2.属性服务是怎么跟system_server进行跨进程通信的?
3.加载system/build.prop和vendor/build.prop的先后顺序是什么?如果system/build.prop
中有一个ro属性,同样在vendor/build.prop也有一个,最后会以谁的值为准?
分析
注:参考Android 8.1系统
代码路径
system/core/init/
init.cpp
property_service.cpp
system/core/libcutils
properties.cpp
bionic/libc/bionic/
system_properties.cpp
bionic/libc/include/sys/
_system_properties.h
frameworks/base/core/java/android/os/
SystemProperties.java
frameworks/base/core/jni/
android_os_SystemProperties.cpp
过程
system/core/init/init.cpp
int main(int argc, char** argv) {
······
property_init();
······
// Propagate the kernel variables to internal variables
// used by init as well as the current required properties.
export_kernel_boot_props();
// Make the time that init started available for bootstat to log.

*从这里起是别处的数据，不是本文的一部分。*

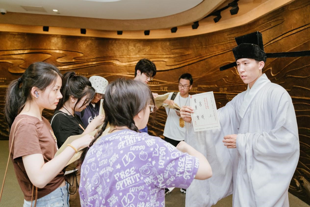 据了解,此次活动以北宋末年的盐引失踪案为故事背景,依托“天下盐城”“水之秀”“今时明月照梦华-宋人的生活雅趣”三大展陈空间,精细化打磨互动剧情,通过1份档案袋、3条故事线、7个文物解密环节、9个NPC、11张线索卡,加深观众的体验感,让其穿越到宋朝,亲身体验案件的侦破过程。通过观察推理、端午问答、民俗游戏、破解谜题等方式,拨开层层迷雾,不仅获得了探秘的成就感,还能在探索中学习盐城的历史文化知识、感受宋代端午的独特魅力。

property_set("ro.boottime.init", getenv("INIT_STARTED_AT"));
property_set("ro.boottime.init.selinux", getenv("INIT_SELINUX_TOOK"));
······
property_load_boot_defaults();
export_oem_lock_status();
start_property_service();
······
ActionManager& am = ActionManager::GetInstance();
ServiceManager& sm = ServiceManager::GetInstance();
Parser& parser = Parser::GetInstance();
parser.AddSectionParser("service", std::make_unique(&sm));
parser.AddSectionParser("on", std::make_unique(&am));
parser.AddSectionParser("import", std::make_unique(&parser));
std::string bootscript = GetProperty("ro.boot.init_rc", "");
if (bootscript.empty()) {
parser.ParseConfig("/init.rc");
parser.set_is_system_etc_init_loaded(
parser.ParseConfig("/system/etc/init"));
parser.set_is_vendor_etc_init_loaded(
parser.ParseConfig("/vendor/etc/init"));
parser.set_is_odm_etc_init_loaded(parser.ParseConfig("/odm/etc/init"));
} else {
parser.ParseConfig(bootscript);
parser.set_is_system_etc_init_loaded(true);
parser.set_is_vendor_etc_init_loaded(true);
parser.set_is_odm_etc_init_loaded(true);
}
······
// Don't mount filesystems or start core system services in charger mode.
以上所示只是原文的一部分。